Hi i just installed Cold Fear and when i go run the game the screen goes blank and a message on my monitor saying *Video Mode not Supported* but there is sound. So i assumed that something wasnt compatible with the game i did meet the minimum requirements for it. I got the latest drivers for the video card and my samsung lcd. It did nothing
someone plz help
Thx

AMD +2500
1 gb ram
36 gb rapter
120 gb maxtor
msi geforce 5900fx
soundblaster audigy 2
Samsung 192n


----------



## Sarkast (Sep 12, 2004)

I remember a similar problem in here just a while back. I think the problem is that the game tries to run in a certain mode that your monitor doesnt support - especially the refresh rate.
Usually you can "force" certain settings for a game - so make sure that the game doesnt try to run (for example) 85hz refresh rate as your LCD wont support this - then shuts off and displays this message.
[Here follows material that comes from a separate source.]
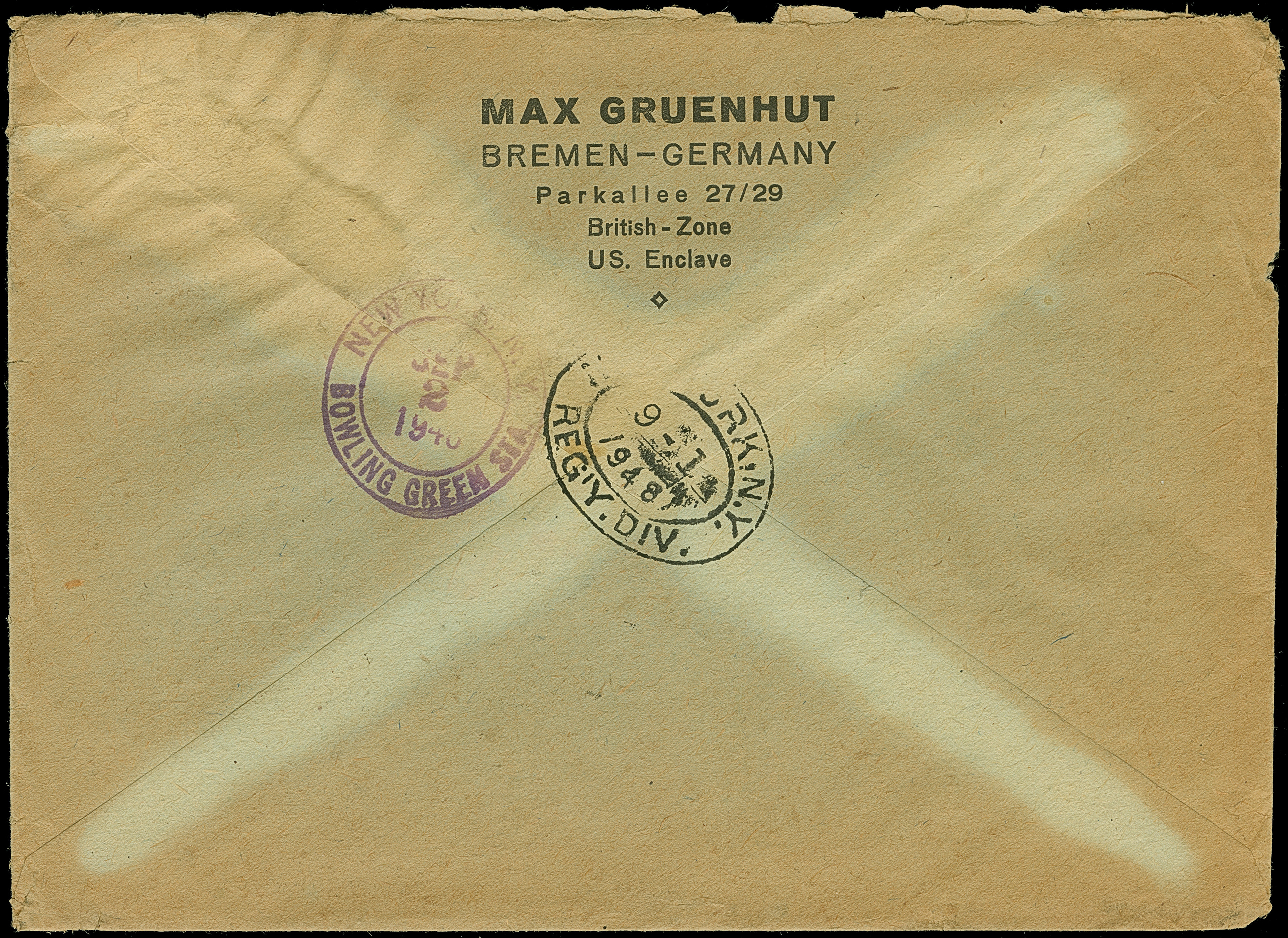 Netz auf Arbeiter 60 Pfg. karminbraun, zwei senkrechte 4er-Streifen und Einzelwert je mit Stempel “BREMEN 28.8.48” als tarifgerechte Mehrfachfrankatur auf R-Luftpostbrief bis 40g mit JEIA-Zulassungsmarke mit Stempel “HAMBURG 29.8.48” nach New York mit Ankunftsstempel Der Umschlag mit kleinen Randfehlern und etwas verfärbt, die Marken sind in einwandfreier Erhaltung. Trotz der Einschränkungen eine außergewöhnliche Mehrfachfrankatur auf Übersee-Luftpostbrief zur JEIA-Zeit

It might be diffrent for you depending on what drivers you are using - but the nvidia control panel lets you override refresh rate for applications. So if you cant set it for the game you might have success using these override settings. (so its not application controlled)


----------



## rapz (Apr 3, 2005)

yea I believe that the problem is my lcd monitor the max refresh rate is 72 htz. There is an option in the nvidia settings where you can bring refresh rate to 85 htz however when its put in that setting the monitor brings up the same msg video mode not supported. I dont even know if you can even change the refresh rate in game ...


----------



## Sarkast (Sep 12, 2004)

Try the override - just override for all resolutions (cause you might not know in which one it wants to start) to lets say 60hz. That should take care of it. 
In my Nvidia Controles there is:

Screen adjustment
Display mode timing
.
etc.
Nvrotate
Refresh rate override
screen res and refresh

Go to refresh rate override and set them all to 60.


----------



## rapz (Apr 3, 2005)

well... i didnt see that override menu
but when i downloaded coolbits i set the refresh rate to 60htz now it works perfectly thanks


----------



## Sarkast (Sep 12, 2004)

Maybe we are using diffrent versions. Either way i am glad you got it working now.


----------



## i2ply (May 10, 2011)

Well this is a pretty old issue, but one I was actually just having and was able to fix.

Seems the game forces a higher hertz than my tv/monitor was unable to use, and simply setting hz through Win7 control panel wouldn't change what the game ran at.


The sollution was an easy one though.

-Opened Nvidia Control Panel.
-Created a custom Resolution (under Display/Change Resolution/Customize).
-Made a new one and set it to 60hz.
-Save.

This forced the game to run in 60hz and I was able to play the game perfectly fine.


Hope this helps anyone who might still come acrossed this problem (like I did).


----------